At 08:04 GMT, the pan-European Stoxx 600 was up 0.1%. Germany’s DAX also rose 0.1%, France’s CAC 40 gained 0.1%, and the UK’s FTSE 100 advanced 0.4%.
The joint military campaign by the United States and Israel against Iran continues to spread instability across the Middle East. Saudi Arabia reported intercepting more than 60 drones flying over its territory, although the country’s defense ministry did not specify where the drones originated or what their intended targets were.
At the same time, U.S. President Donald Trump has appealed to seven countries to support Washington in safeguarding the Strait of Hormuz, a crucial maritime route that carries roughly one-fifth of the world’s oil supply. However, Trump did not confirm whether any governments have agreed to participate.
Tehran has effectively halted tanker traffic through the strait, which is bordered by Iran on three sides. The disruption has pushed energy prices sharply higher and increased concerns about the outlook for the global economy.
For Europe in particular, the disruption risks reigniting inflation pressures in a region that only recently appeared to have brought price growth largely under control. Europe imports a large share of its energy through the strait, meaning the stoppage could further weigh on an economy that has already shown signs of stagnation.

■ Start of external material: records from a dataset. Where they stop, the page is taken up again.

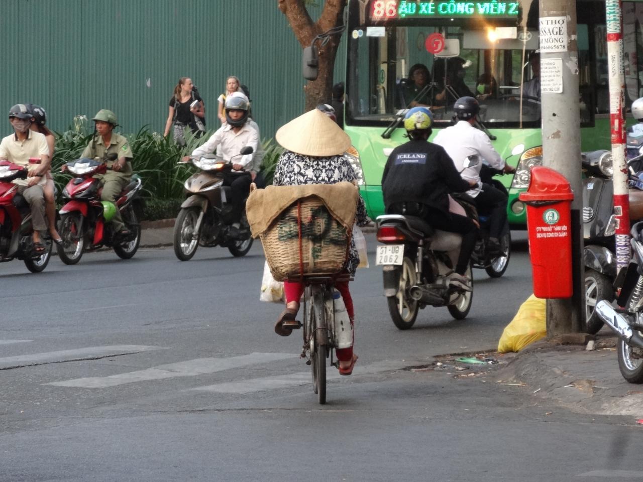 バイクがブイブイ走り回る中でも、自転車のおばさんはマイペースでゴーイング・マイ・ウェイ。
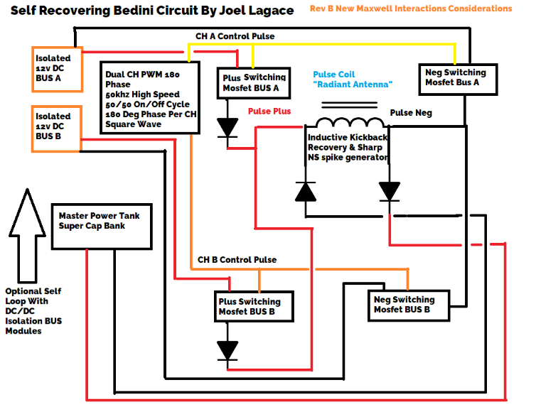 Traditional Bedini drivers harvest the inductor’s collapse into a separate battery. Attempts to self-loop through transformers or inverters usually lose the advantage in conversion losses. Rev B reduces those losses by keeping the coil magnetically “alive” between pulses while recovering residual kickback directly into the pulse rails.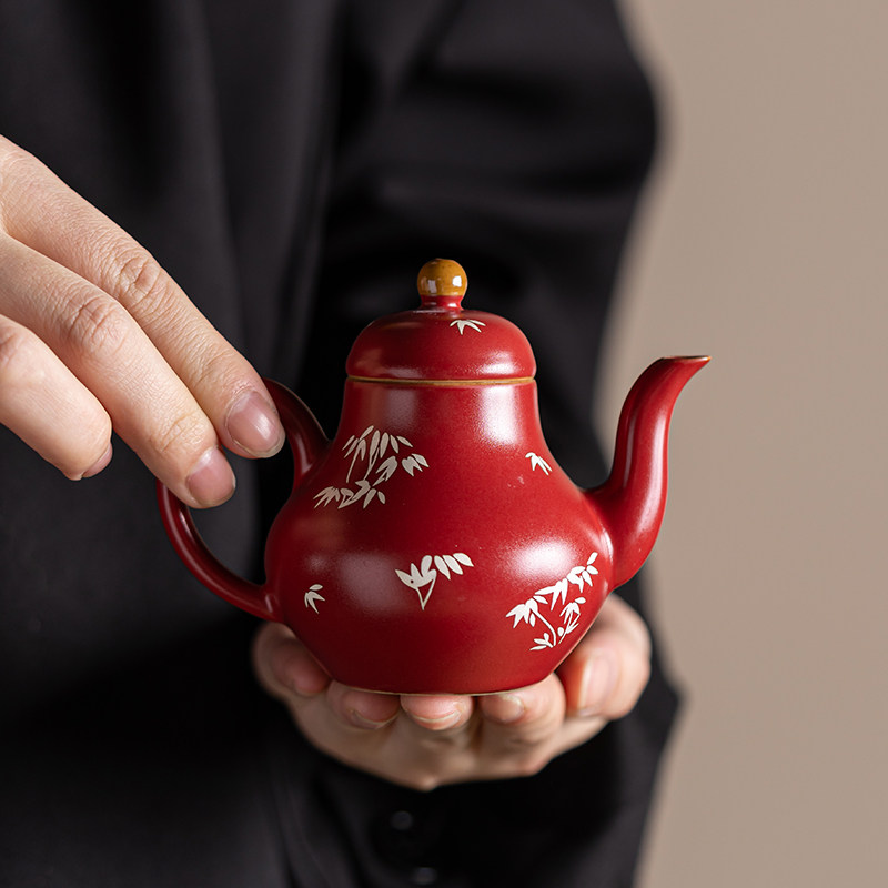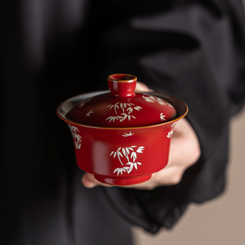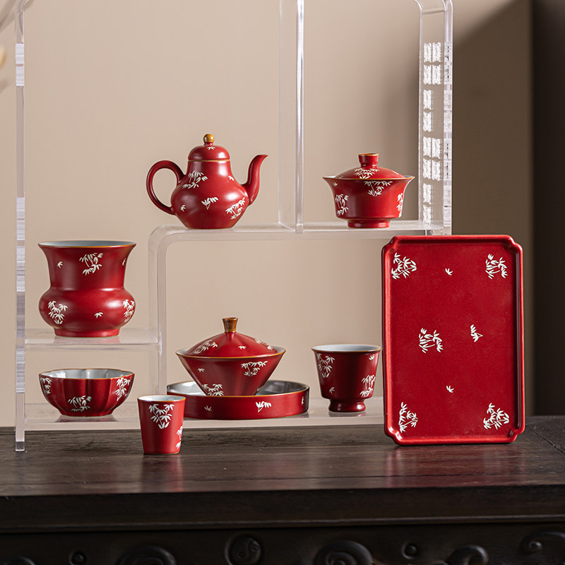 📚 新品红色汝瓷盖碗陶瓷功夫茶具配件家用小泡茶壶茶杯喝茶高档托盘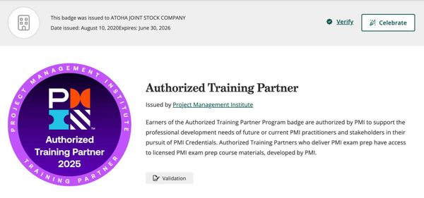 Với vai trò là đối tác đào tạo ủy quyền của PMI, Atoha mang đến khóa học PMP theo tiêu chuẩn của PMI, cùng hệ thống tài liệu bản quyền, giúp học viên tự tin sở hữu PMP Certification ngay trong lần thi đầu tiên.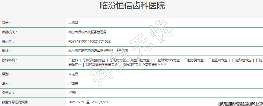 執(zhí)業(yè)許可證有效期:2021/1/29 -至- 2026/1/28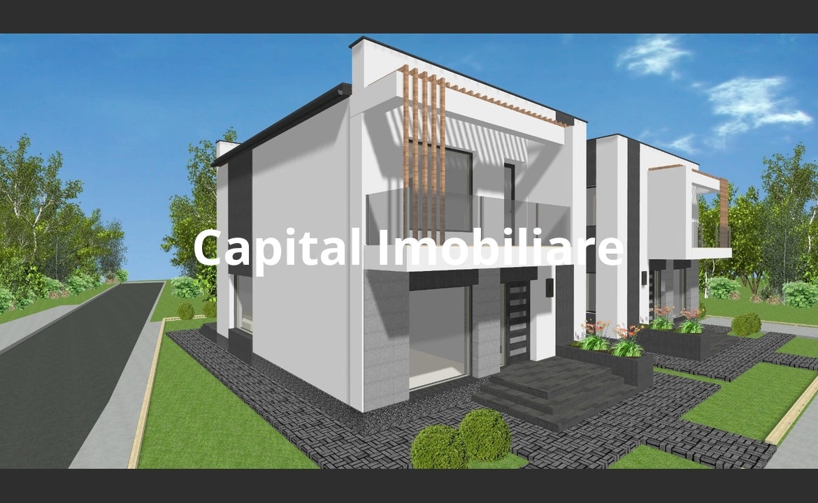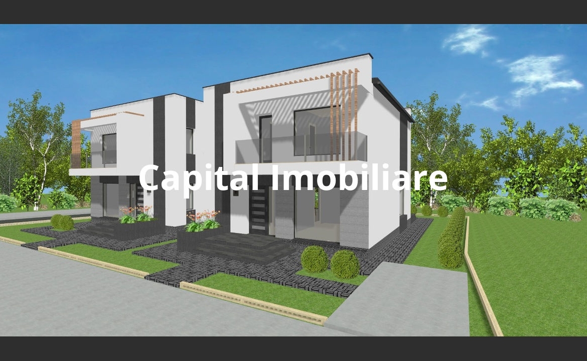 In randare apar 2 constructii, deoarece sunt facute 2 una langa alta , in oglinda, fiecare cu 240 mp de teren; nu este duplex, si nici curte comuna.
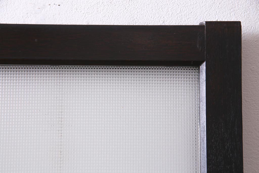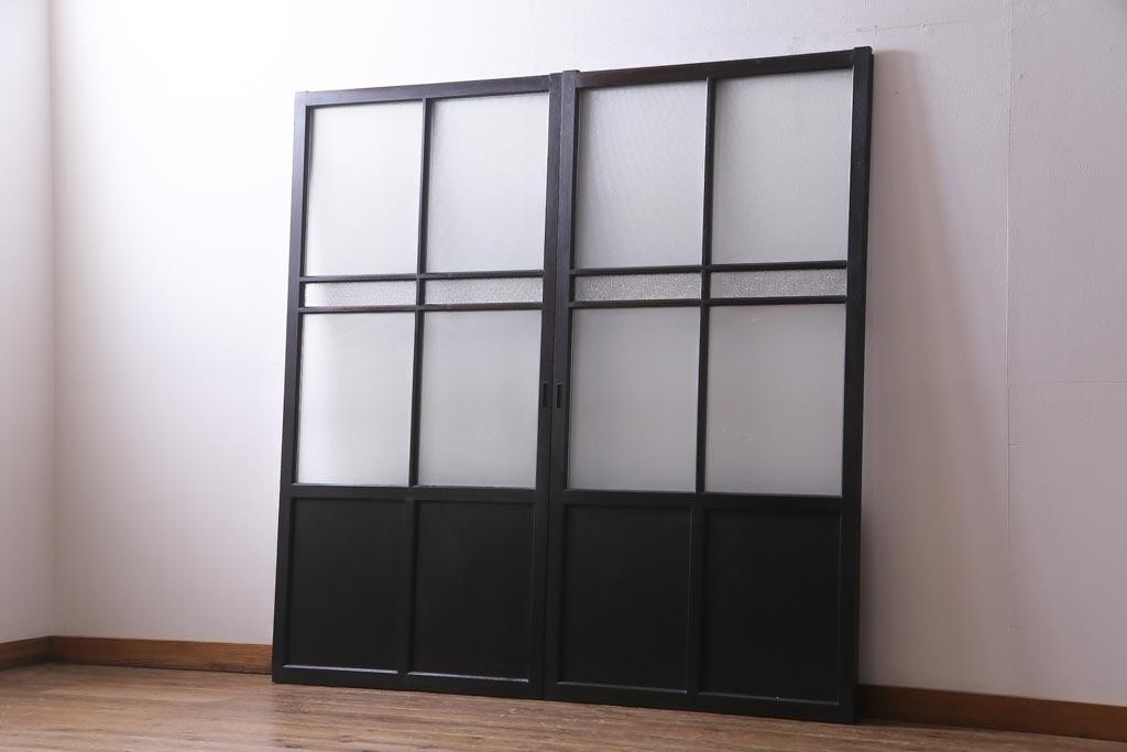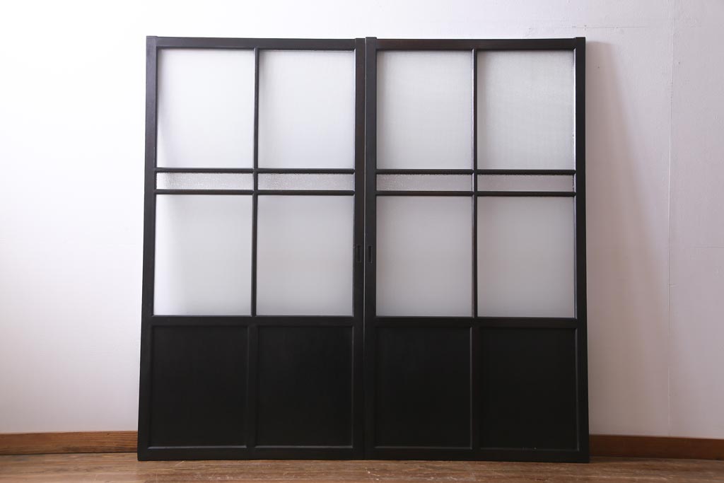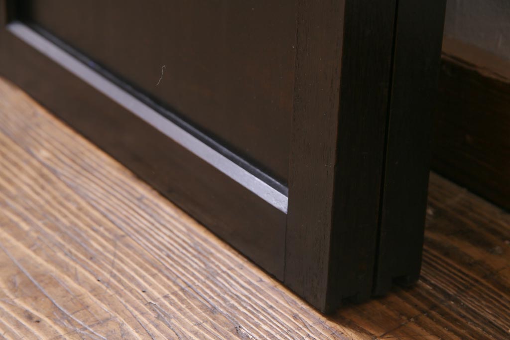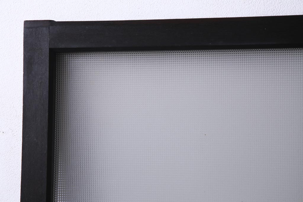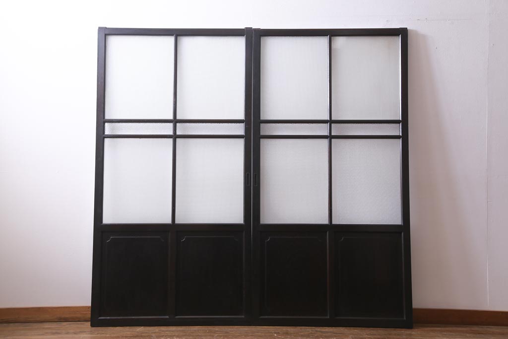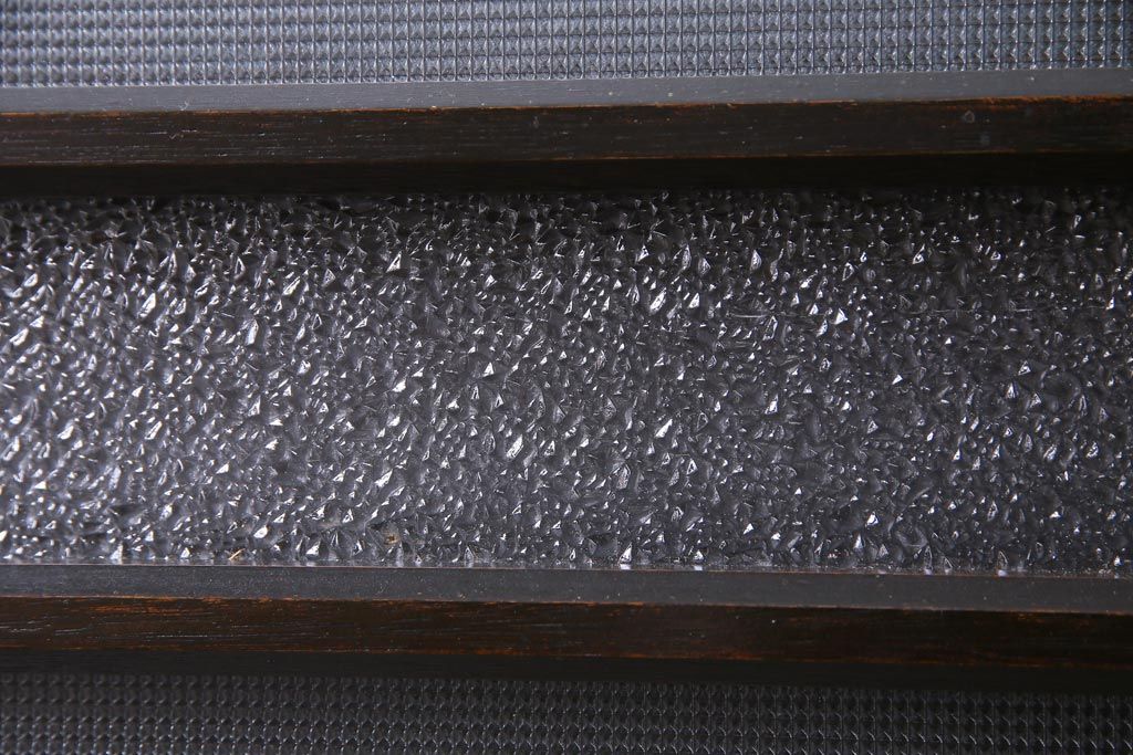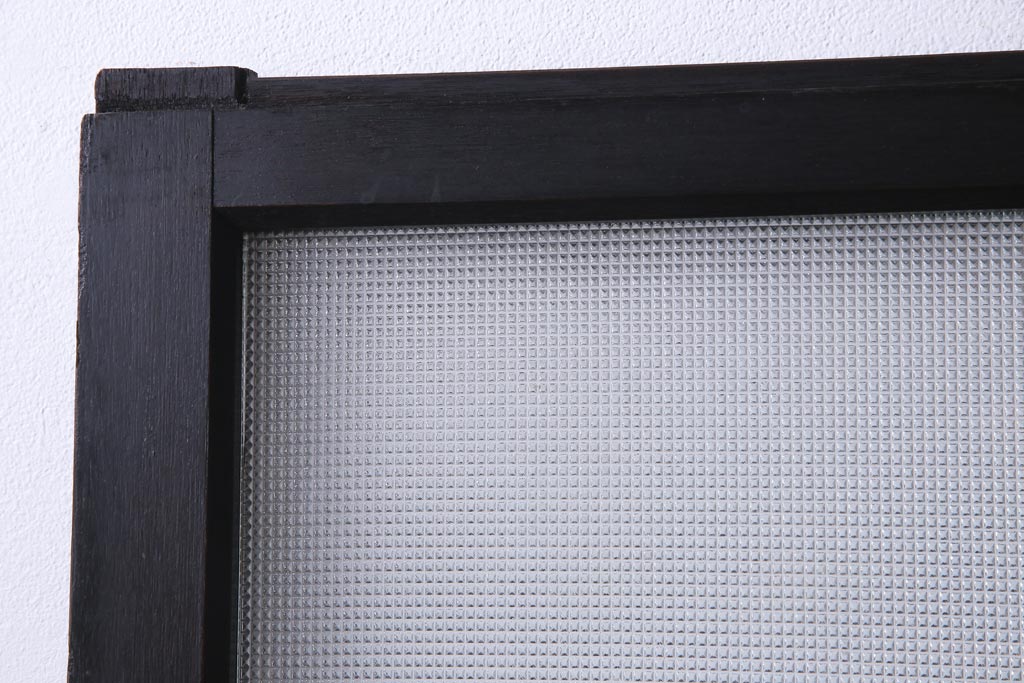 大正昭和初期 総栗材 格子柄のプラスガラスがレトロなガラス戸(引き戸、建具)2枚セットです。
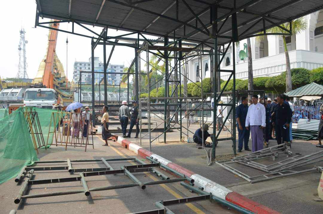 ရေကစားမဏ္ဍပ် အမျိုးအစားအလိုက်ခွဲခြား၍ သတ်မှတ်လျှောက်လွှာပုံစံများဖြင့် သက်ဆိုင်ရာ ခရိုင်/မြို့နယ်၊ အထွေထွေအုပ်ချုပ်ရေးဦးစီးဌာနတို့၏ စိစစ်ထောက်ခံချက်များနှင့်အတူ ရန်ကုန်မြို့တော် စည်ပင်သာယာရေးကော်မတီ၊ အင်ဂျင်နီယာဌာန (လမ်းနှင့်တံတား)သို့ လျှောက်ထား ၍ မဏ္ဍပ်နေရာချထားရေးနှင့် ကြံ့ခိုင်မှုစစ်ဆေး လုပ်ငန်းကော်မတီ၏ စိစစ်ချက်ဖြင့် ရန်ကုန်တိုင်း ဒေသကြီး အစိုးရအဖွဲ့ရုံး၏ အတည်ပြု ခွင့်ပြုချက်ရရှိမှသာ စတင်ဆောက် လုပ် ဆောင်ရွက်ရမည်ဖြစ်ကြောင်း သိရသည်။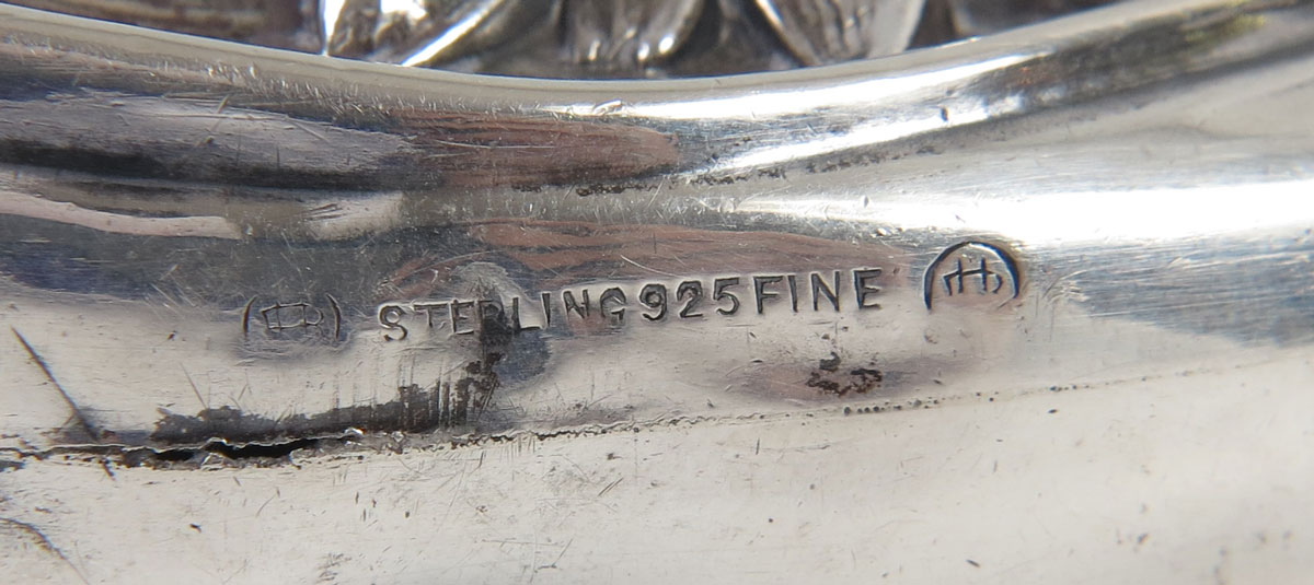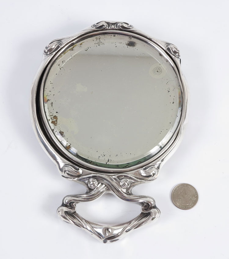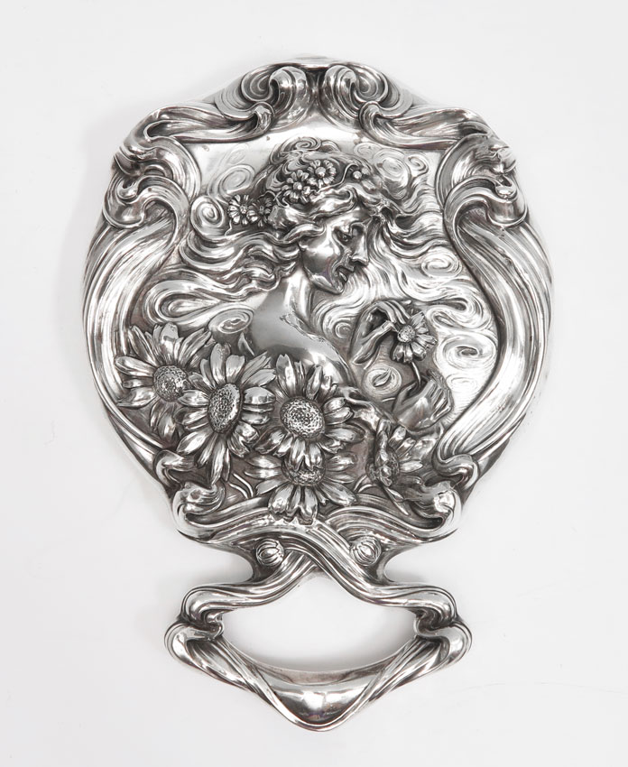 ART NOUVEAU STERLING SILVER MIRROR: Woman with Flower, Unger Bros., He Loves Me pattern. Measures 8 1/2''.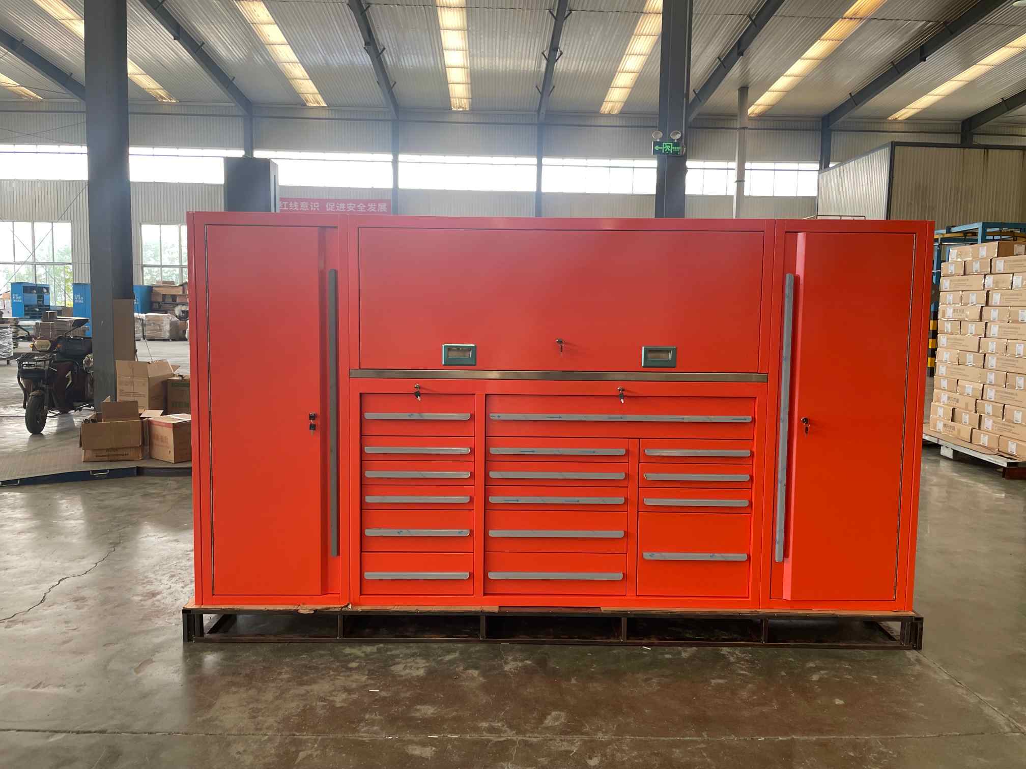 Kabinet alat baja Cyby kadhemen digulung yaiku kabinèt alat sing paling gedhe. Nduwe tampilan profesional, permukaan sing lancar, lan dilengkapi karo casters lan kunci safety sing abot. Iki diselehake ing lingkungan bengkel.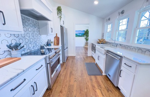Fully stocked kitchen has an open layout to the living room. Equipped with stainless steel appliances, an induction cooktop, and tons of counter space. You won't need to bring a thing, we have pots, pans, plenty of dishware, flatware, a kettle, spices, cooking oil, etc. All grilling utensils are located underneath the microwave.

The surge in oil and gas prices has also pushed borrowing costs higher across the continent, reflecting fears that the European Central Bank could once again face pressure to consider tightening monetary policy. The Stoxx 600 has already come under strain, falling more than 5% from the peak reached before the conflict began.
The ECB is set to announce its latest policy decision later this week, alongside several other major central banks including the Federal Reserve. Despite the escalation in the Middle East, economists surveyed by Reuters expect the ECB to keep interest rates unchanged for the remainder of 2026.
“Central banks are not expected to make major changes to monetary policy this month, but watch closely for how the Fed and others assess the inflation outlook after the surge in oil prices,” Laurence Booth, Global Head of Markets at CMC Markets, told Investing.com.
Oil prices rise
Oil markets were volatile on Monday as traders remained wary of potential supply disruptions linked to the Middle East crisis.
Prices briefly eased after Trump called on other nations, including China, to assist in reopening shipping lanes through the Strait of Hormuz.
Brent crude futures — the global benchmark — were up 2.7% at $105.90 per barrel, while U.S. West Texas Intermediate crude futures rose 2.0% to $98.75 a barrel by 04:06 ET. Earlier in the session, oil prices had surged by as much as 3% before paring gains and briefly trading flat.